2. recommend the selection, replacement, and evaluation of benefits consultants;

3. recommend the selection, replacement, and evaluation of benefit plan providers;

4. review and make recommendations regarding communications to faculty and staff regarding the health benefits program and their use of health care services under it;

5. review and make recommendations regarding benefit booklets, descriptive literature, and enrollment forms;

6. study recurring enrollee concerns and complaints and make recommendations for their resolution;

7. participate in an annual review of the District's administration of the Health Benefits Program;

8. review and make recommendations about the District’s health benefits budget; and

9. if health care legislation that necessitates modification of the District’s Health Benefits Program is enacted before the termination of this agreement, assess the effects of such legislation and make recommendations to the District and the Exclusive Representatives about appropriate action to take.
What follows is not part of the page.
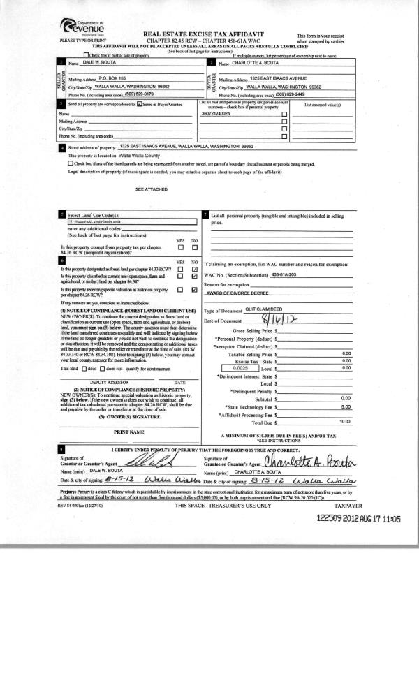 | 3 | 08/17/2012 | WARRANTY D | WARRANTY DEED | BOUTA, DALE W | BOUTA, CHARLOTTE A | | | | 0 | CC #12-3-00091-8 |

McKee, a chemistry professor at Pasadena Community College, made the same access argument against the same rationale as embodied in the Attorney General's opinion, and did so successfully, in a Brown Act lawsuit he brought against his own employer more than 11 years ago.  In a recent message to Jack Scott, Chancellor of the California Community Colleges and the official whose office requested the opinion, McKee recalled that

In his Minute Order, issued 12/17/98, Judge Thomas Stoever concluded: the Board took formal action to approve a collective bargaining agreement; that agreement included the establishment of the Sabbatical Leave Advisory Committee (identifying its membership); therefore the Committee was created by the formal action of the Board to approve the agreement, and the Committee is a Legislative Body under Gov't Code section 54952(b).

That section states that the term "legislative body" as used in the Brown Act to designate the type of government body that it applies to, includes "a commission, committee, board, or other body of a local agency, whether permanent or temporary, decisionmaking or advisory, created by charter, ordinance, resolution, or formal action of a legislative body . . ." (emphasis added).